In a later briefing with reporters, Deputy Attorney General Paul McNulty added that the government would rather be criticized for moving too aggressively than face blame for allowing an attack to happen.

"We have to do everything within our power to identify the risks and to stop them at the earliest stages of planning," McNulty said. "We have to have a preventative approach."

The timing of the arrests raised eyebrows among some Bush administration critics because they coincided with a New York Times article revealing that the administration has been secretly tapping into a vast financial database containing Americans' banking transactions, searching for evidence of terrorist activity without individual court warrants.

The White House knew about the banking story in advance because it had been talking with The Times, urging the paper not to publish the information. Agents made the Miami arrests, meanwhile, a month after the final event cited in the indictment -- a conversation in which Batiste allegely told the informant that "he was experiencing delays [in the mission] because of various problems within his organization."
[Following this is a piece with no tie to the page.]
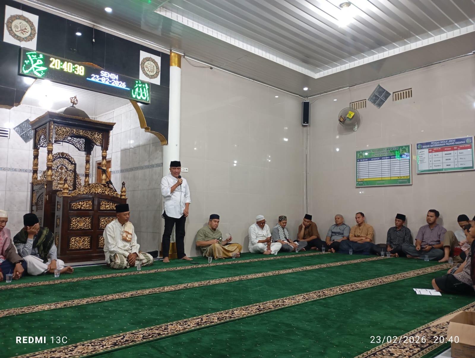 Selain melaksanakan ibadah bersama, kegiatan juga dirangkaikan dengan penyerahan cenderamata kepada pengurus masjid sebagai bentuk apresiasi serta dukungan terhadap kegiatan keagamaan di lingkungan masyarakat.

Congressman Edward J. Markey, Democrat of Malden and a member of the House Homeland Security Committee, said in a phone interview yesterday that he suspected the Bush administration used the arrests as a distraction from headlines about the secret banking surveillance program, which he said was probably illegal.

Gonzales said the administration believed the banking program was legal, and said the decision to arrest the men was made "by the folks in Miami, by the career folks, the career investigators, the career prosecutors" and not by political appointees in Washington.

Later, McNulty said "there is no connection" between the Miami arrests and the banking surveillance story. "The [terrorism] case came forward when it was ready."

In a Miami press conference, US Attorney R. Alexander Acosta said the decision to arrest the men on Thursday was based on law enforcement considerations, including ensuring they had enough evidence to indict the men, and making sure authorities had identified all of the alleged conspirators.

In addition to Batiste, the indictment named Patrick Abraham , Stanley Grant Phanor , Naudimar Herrera , Burson Augustin , Lyglenson Lemorin and Rotschild Augustine as codefendants. The Justice Department did not specifiy which two were not US citizens.

There were conflicting reports from neighbors in Miami about whether the group considered themselves to be Muslims or some other kind of spiritual sect.

Although several early media reports quoted an unnamed law enforcement source describing the group as "radical Muslims," the indictment did not mention any religious affiliation. A local television station interviewed a relative of one of the men who said that they studied the Bible, not the Koran, and that they called their headquarters a "temple," not a mosque.

American Muslim civil rights groups said the group had been unknown to the Muslim community before they were arrested.